Abortion-related search histories

Location data is not the only activity Google stores that could be used against someone seeking an abortion.

In order to help the Guardian test what other information is being retained, Kemp also conducted searches such as “get an abortion near me”. On 22 November, he scheduled a calendar event entitled “Get an abortion”, with a location tag for the nearest clinic. He also searched for and downloaded a period-tracking app called Clue in the Google Play store.

All of this was stored in his activity timeline in considerable detail. A Guardian review of his activity shows that, at 10.12am on 22 November, he received a notification from Google Assistant telling him:“Time to leave for Get an abortion.” It also shows he “visited Clue Period & Cycle Tracker” on the Google Play store, searched for “abortion pill” at 10.03am and searched for “get an abortion near me” a minute later.

As of November, searches for “abortion” from his August experiment also remained stored in his activity timeline.

Taken together, the information paints a fairly detailed picture of whether and how someone sought an abortion.

Beyond its pledge to delete location data,Google has said little about how it would protect users in the wake of Dobbs. Instead, the company has reiterated its commitment to limiting how data is shared and collected by other companies and app developers. The company also said it made it easy for users to delete data from Google-owned Fitbit products and Google Fit.

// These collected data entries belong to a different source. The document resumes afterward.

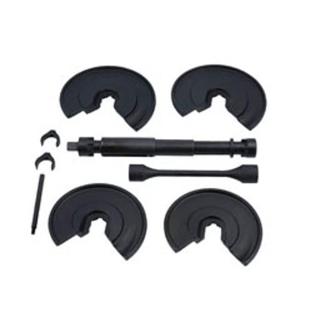 Internal coil spring compressor for wishbone, independent and multi-link suspension systems. Restricted access: Suitable for springs where the lower wish bone access hole is 30mm or bigger (tool shaft size 29mm).Applications: Chrysler, Chevrolet, Citron, Ford, Honda, Hyundai, Kia, Mazda, Mitsubishi, Peugeot, Renault, Skoda, Suzuki, Toyota, Volvo, Volkswagen. Including: BMW 3 series (1996 - 2013) Mercedes-Benz W202, W204 (1997 - 2013). Maximum load: 3800kgf (37,240N). Supplied with two forged steel pressure plates 150mm & 130mm. Manufactured from steel and Chrome Molybdenum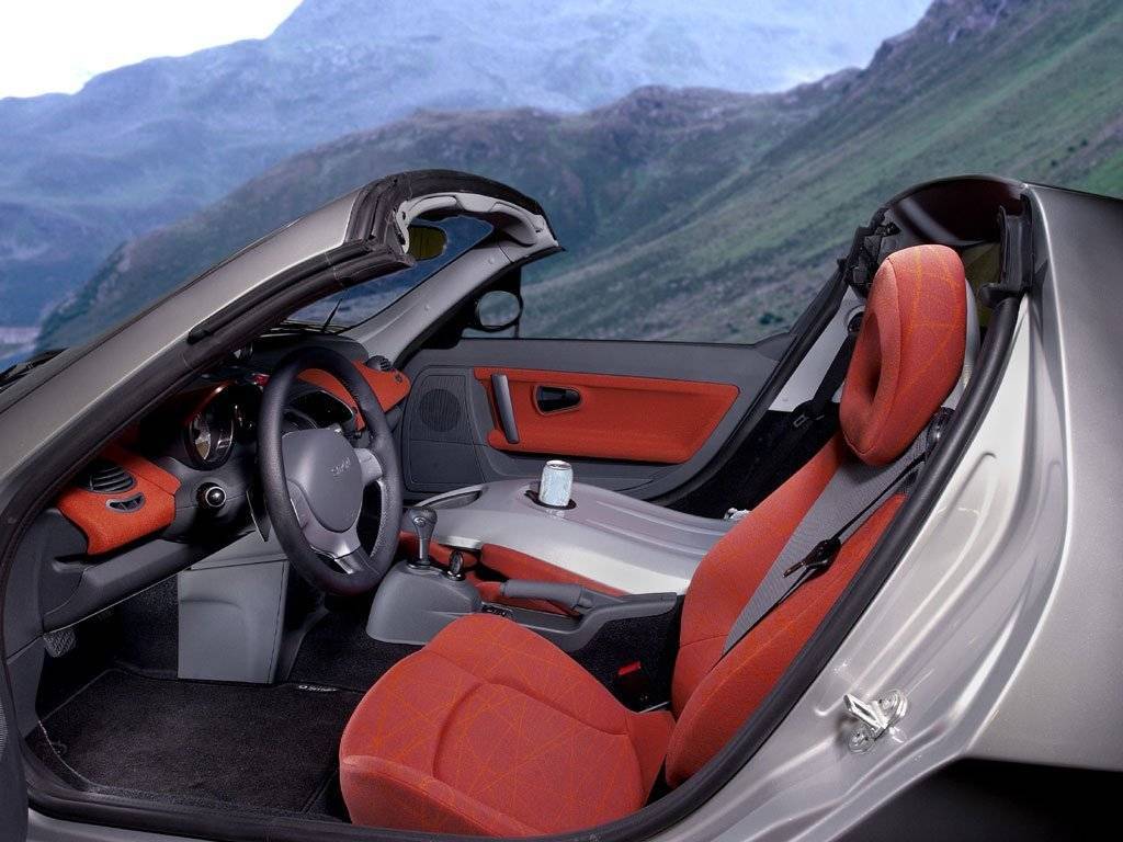 Приборная панель расположена с подходящим наклоном для водителя, что делает ее использование еще более удобной. Отдельного внимания заслуживают двери. Они открываются практически под прямым углом, что делает комфортной посадку водителя и пассажира в автомобиль Smart Roadster.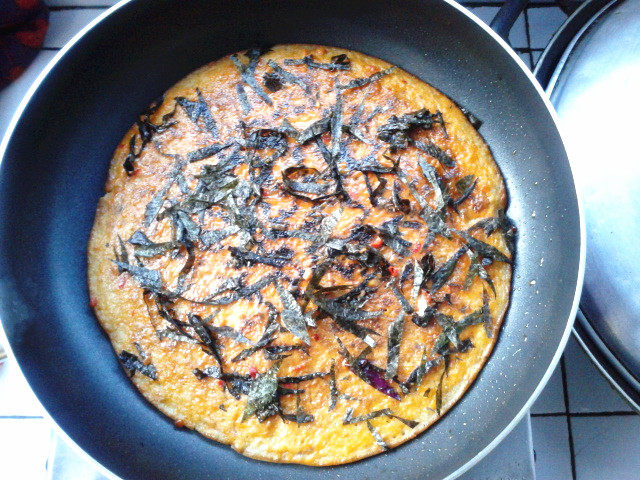 6:将平底锅刷一层薄油,倒入面糊,小火慢煎,晃动锅底以成型,翻开看金黄色,上面面糊基本不流动,就可以翻面了。我用的一个盘子放置饼身,平底锅倒扣翻面,由于手忙脚乱,第一面就没有拍照片。翻面之后,过半分钟左右,刷上调制的酱料,剪了一些烤紫菜点缀,出盘~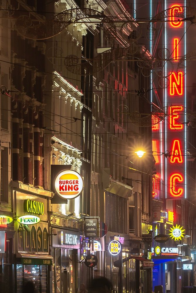 Deze sfeervolle foto toont het iconische Cineac-gebouw in de Reguliersbreestraat, gezien vanaf het Muntplein in Amsterdam. Het historische pand springt direct in het oog dankzij de grote, rode neonletters. De regenachtige avond versterkt de sfeer; de glinsterende reflecties van lichten op de natte straat en tramrails voegen een filmisch en nostalgisch karakter toe aan het geheel. De straat is levendig, met een mix van klassieke architectuur, moderne winkels en verlichte uithangborden, wat een tijdloze indruk geeft van het Amsterdamse stadsleven.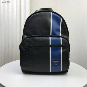prada男包 普拉達專櫃2020爆款 2VZ066 Prada新款雙肩包 Prada男士後背包 黑+黑+藍 pyd2039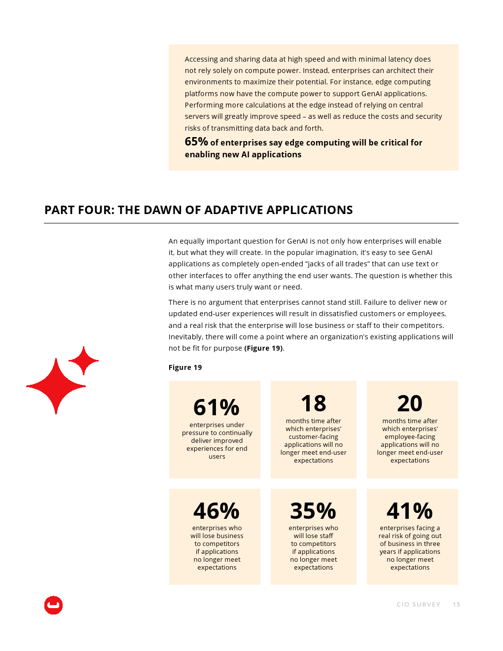 对于许多IT部门来说,最大的问题是他们是否能够支持不受约束的人工智能增长。平均而言,受访者认为他们的IT基础设施在19个月内将无法支持内部运行的GenAI应用程序。正因为如此,企业正在寻找其他方法来获得必要的计算能力。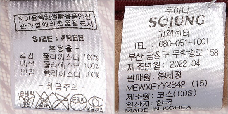 2. 소재 | 겉감-폴리에스터100% 안감-폴리에스터100% 배색-폴리에스터100% |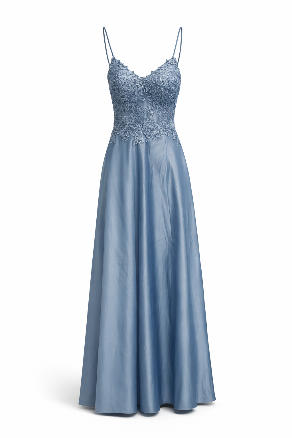 Vestido longo com corte justo e detalhes franzidos na saia, em renda rosa delicada. Decote recto com alças finas, ideal para cerimónias e eventos formais. Elegante e feminino, adapta-se a várias ocasiões especiais.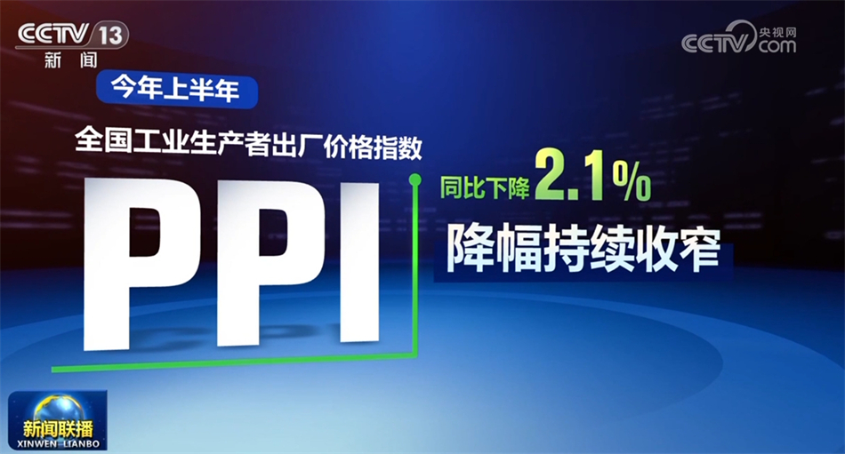上半年,全國(guó)工業(yè)生產(chǎn)者出廠(chǎng)價(jià)格指數(shù)PPI降幅持續(xù)收窄,同比下降2.1%。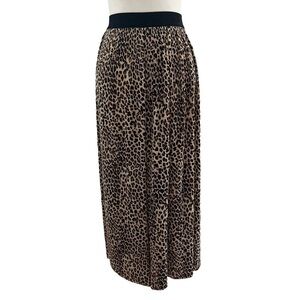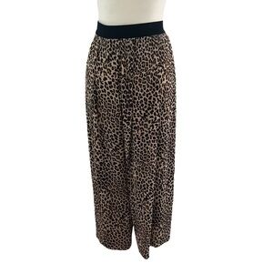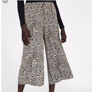 ZARA Pleated Leopard Wide Leg Velvet Waistband Culotte Trousers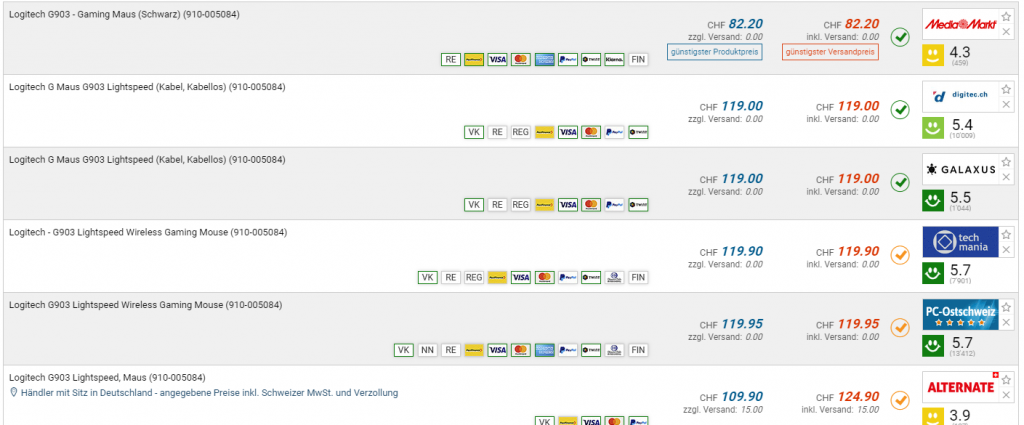 Bei MediaMarkt gibt es die LOGITECH G903 - Gaming Maus für den neuen Bestpreis von CHF 82.20. Der vorherige Bestpreis war bei CHF 87.20. Der zweitbeste Preis beträgt CHF 119.-.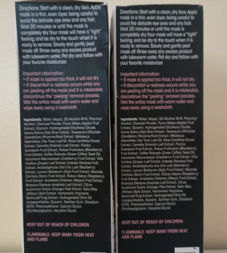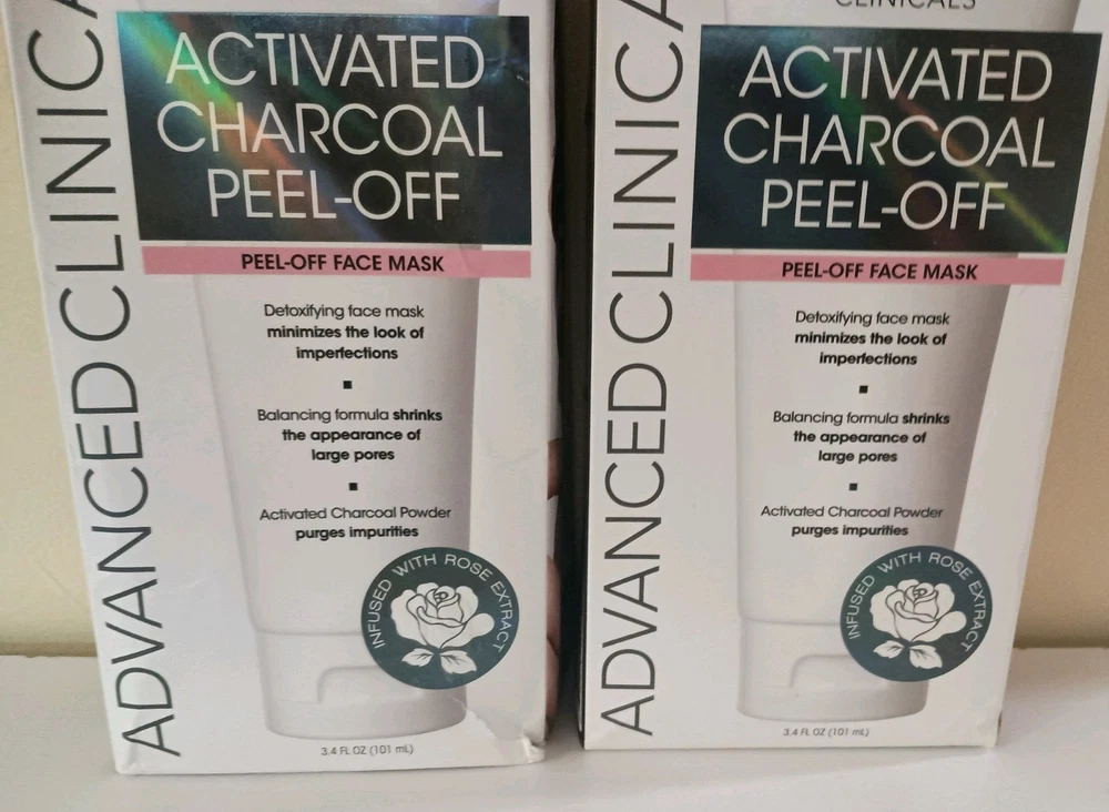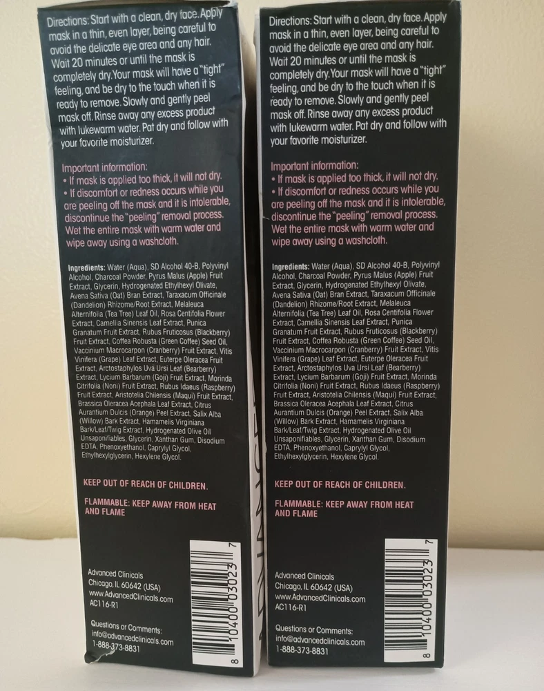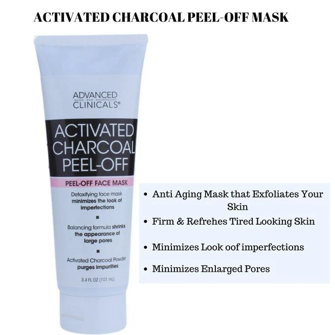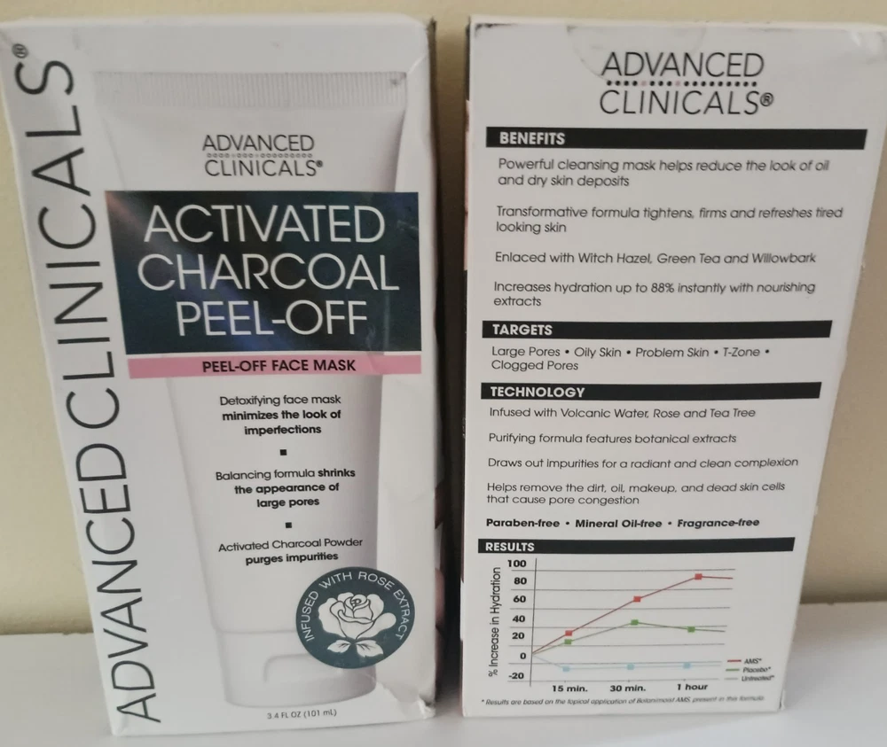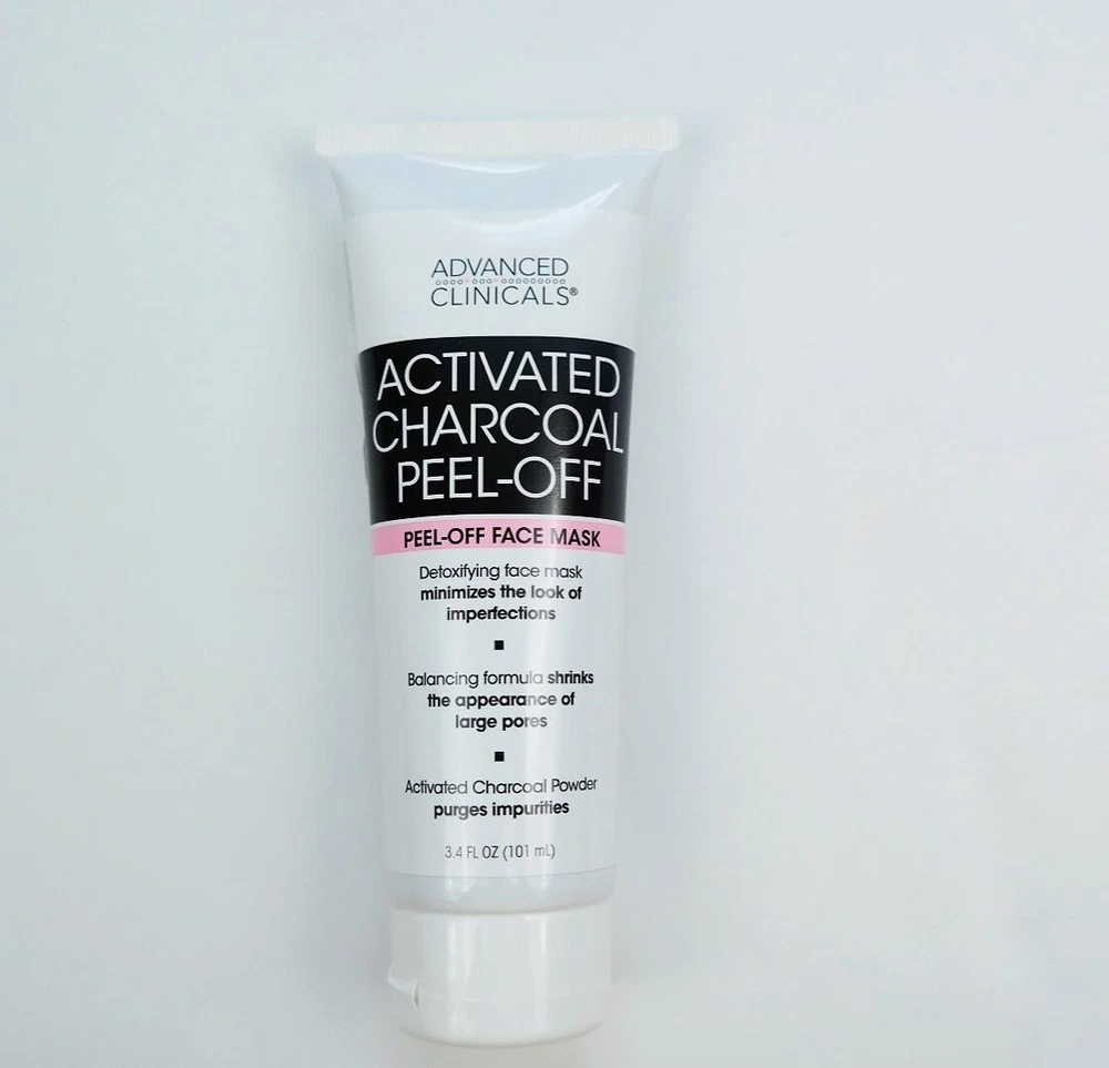 Advanced Clinicals® Activated Charcoal Peel-Off Face Mask 3.4oz (2 Pack) for Men & Women, Two 3.4 oz Tubes in Factory Sealed Boxes by Advanced Clinicals® A powerful cleansing mask that reduces the look of oily and dry skin. • Targets large pores, oily skin, problem skin and clogged pores • Purifying formula featuring botanical extracts • Paraben free • Mineral Oil free • Increases hydration by up to 88%. • Enlaced with Witch Hazel, Green Tea, Volcanic Water, Rose, Tea Tree & Willow bark. • This mask peels off impurities and promotes a radiant and clean complexion. • Shrinks large pores which are prone to oil and bacteria. • Advanced Clinicals® Activated Charcoal Peel-Off Face Mask 3.4oz (2 Pack) • All Skin Types Ingredients: Water, SD alcohol 40-B, polyvinyl alcohol, charcoal powder, pyrus malus (apple) fruit extract, glycerin, hydrogenated ethylhexyl olivate, avena sativa (oat) bran extract, volcanic water, taraxacum officinale (dandelion) rhizome/root extract, melaleuca alternifolia (tea tree)leaf oil, rosa centifolia flower extract, camellia sinensis leafextract, punica granatum fruit extract, rubus fruticosus (blackberry) fruit extract, coffea robusta (green coffee) seed oil, vaccinium macrocarpon (cranberry) fruit extract, vitis vinifera (grape) leaf extract, euterpe oleracea fruit extract, arctostaphylos uva ursi leaf (bearberry) extract, lycium barbarum (goji) fruit extract, morinda citrifolia(noni) fruit extract, rubus idaeus (raspberry) fruit extract, aristotelia chilensis (maqui) fruit extract, brassica oleracea acephala leaf extract, citrus aurnatium dulcis (orange) peel extract, salix alba (willow) bark extract, hamamelis virginiana bark/leaf/twig extract, hydrogenated olive oil unsaponifiables, glycerin, xanthan gum, disodium edta, phenoxyethanol, caprylyl glycol, ethylhexylglycerin, hexylene glycol Skincare Directions for Use: Start with a clean, dry face. Apply mask in a thin, even layer, being careful to avoid the delicate eye area and any hair. Wait 20 minutes or until the mask is completely dry. Your mask will have a “tight” feeling, and be dry to the touch when it is ready to remove. Slowly and gently peel mask off. Rinse away any excess product with lukewarm water. Pat dry and follow with your favorite moisturizer. Dimensions: 7.0 inches (H) x 1.75 inches (W) x 2.75 inches (L) Weight: 3.4 ounces Made in United States UPC: 810400030237

“The truth is we cannot expect an advertising giant like Google, who has become powerful by monetizing the collection of our data, to neatly tailor its many complex systems to avoid surveilling particular populations of people, such as those seeking information about abortion,” wrote Singh, who formerly served as a cybersecurity staffer on the Joe Biden campaign. “Unfortunately, the nature of surveillance and the complexities of the data broker ecosystem form a broad harm which we can only solve with legislation.”

While many tech companies have made commitments to mask, delete or stop collecting abortion and health-related data, experts say the very business model of collecting private data for profit should be questioned.

“The best way to protect people who are seeking abortions is to stop collecting the data entirely,” concluded Ramesh.